Dinner was at 糖朝 “tang2 chai2” at 微風廣場 “wei1 feng1 guang3 chan3.” Since we both like糖朝 a lot when we visited Hong Kong earlier, we decided to try its chain store in Taipei. I wasn’t sure whether it was because we were about to leave Taipei and Xiaobao or was it something else, I didn’t like any of their dishes at all. It was as if it was operated by a different company. Even its sweets were all flops. They didn’t even look good to me. So disappointing!

Taipei 微風廣場 糖朝

Picture taken at Taipei 糖朝

On the way back to Xiaobao’s apartment, I saw a Chinese calligraphy scroll hanging in a store.

人要 知福 惜福 再造福

It says:

人要  知福  惜福  再造福

“ren2 yao4 zhi1 fu2 xi1 fu2 zhai4 zhao4 fu2”

It reminded me that life is short and it was up to me to realize and cherish the blessings I have in my life: my wife, my children, my parents, my career at Mobil, the restaurant and many things surrounding me. I wasn’t sure how much blessings I was able to create for the others, but I’d think about it and be content with what I have.

Taiwan has changed a lot and, in many aspects, has been positive. People were more civil to each other. Streets were cleaner than before. There were only a few bicycles because many of them have been replaced with motorcycles and cars. Motorists more or less followed street signs compared to what it was before. Even pedestrians at Taipei’s 復興忠孝 intersection followed traffic signs with very few people jaywalking. 捷運 was wonderful, on time and clean. Food was cheap at neighborhood restaurants. All-you-can-eat places were common near where Xiaobao lived.
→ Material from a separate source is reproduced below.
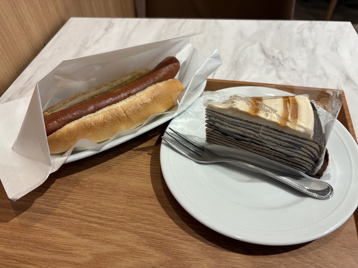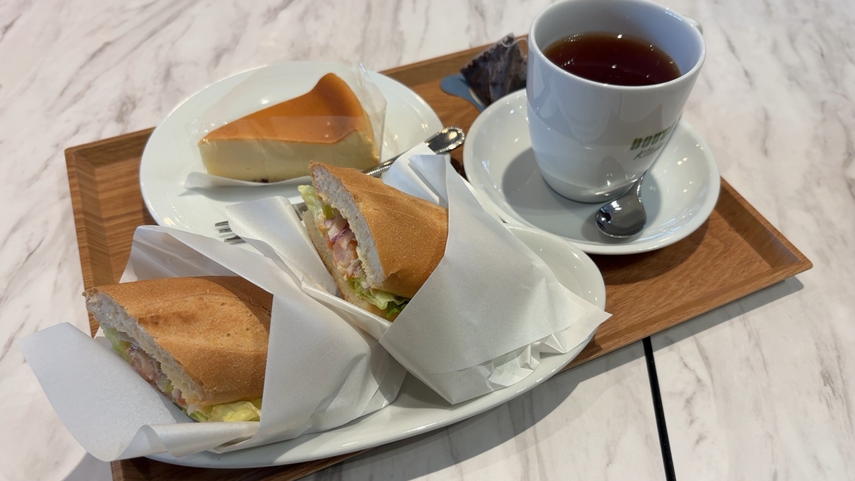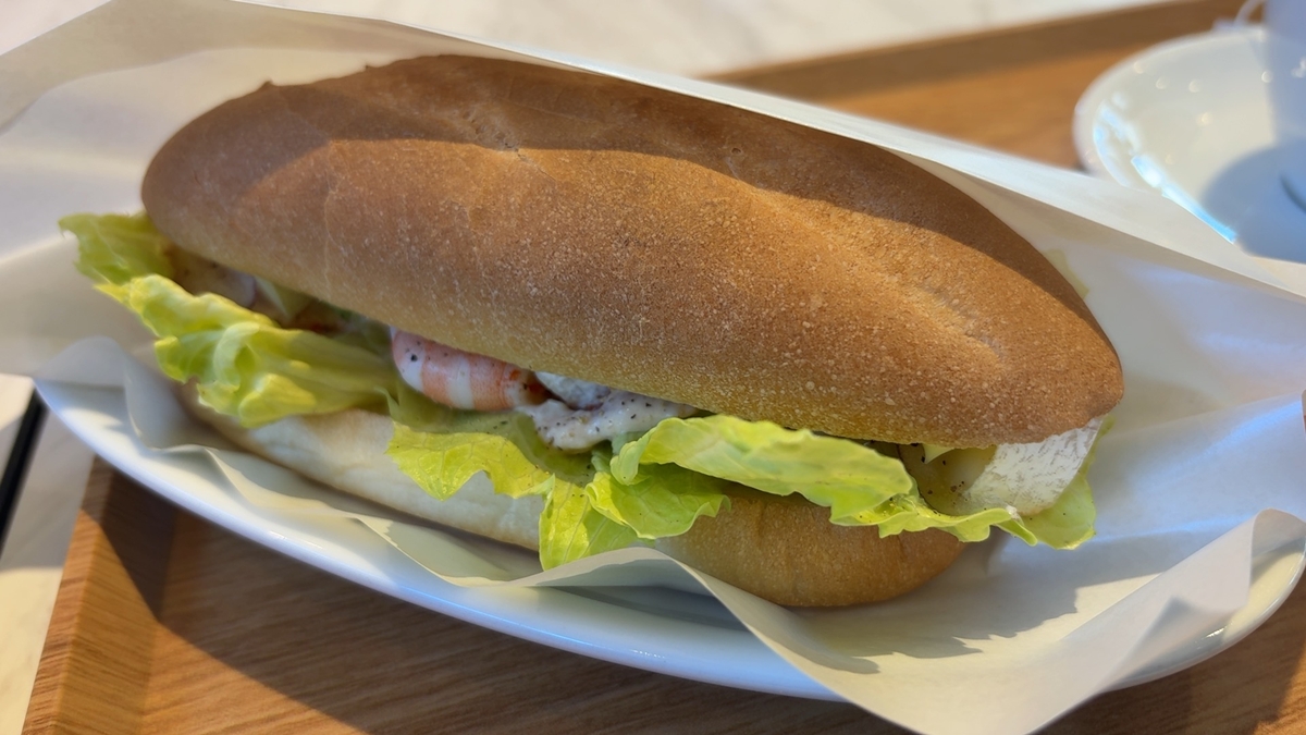 食事は、ミラノサンドB(エビ・アボカドサンドにチーズ入り)か

However, air quality was poor and the exteriors of many houses and buildings were dirty and in need of a good cleaning. Business signs of different shapes, design and color were everywhere just like I remembered. People in the Southern section of Taiwan were more concerned about Taiwan’s sagging economy and they were worried about where Taiwan will be a decade or two from now in light of the dominant presence of China. Most of my classmates didn’t like what they saw in the current president but were afraid of the alternative. My professor friend was particularly concerned about the quality of Taiwan’s university graduates; even the ones from top universities who came to study in his research center. His exchange students from China were eagle to learn and anxious to fulfill their dreams while Taiwanese exchange students from his department were more concerned about when their one-year terms were over.

Well, we had a nice time here and it gave us a chance to live with our kids for a week or so. Time flew by quickly especially when we had fun. Now it was time to say good bye and our trip to Taiwan was almost over.

Tomorrow was our last full day in Taipei and we’d have to say good bye to Xiaobao soon. Chinese has a saying:

兒行千里母擔憂 “er2 xin2 qian1 li3 mu3 dan1 you1”

This short phrase portrays a mother’s apprehension when her child is about to leaveher on a thousand kilometers journey.

Of course, I understood that 千里 was only used to emphasize the distance between us; I also realized that electronic advances have made the distance between us much shorter, but Bao and I couldn’t help but to know that we would be separated by a day’s travel by an airplane.

Xiaobao gave up his easy life in San Francisco and moved to a place he didn’t know a lot and a language he wasn’t very good at. He wanted to start a new life here just like us thirty some years ago when we came to the United States. I like his courage but Bao kept worrying about him. Well, with this trip to Taipei, we knew he has made a new beginning for himself and we were happy for him.

We hope we’d be back soon and will very much like to see him establishes a good start for himself.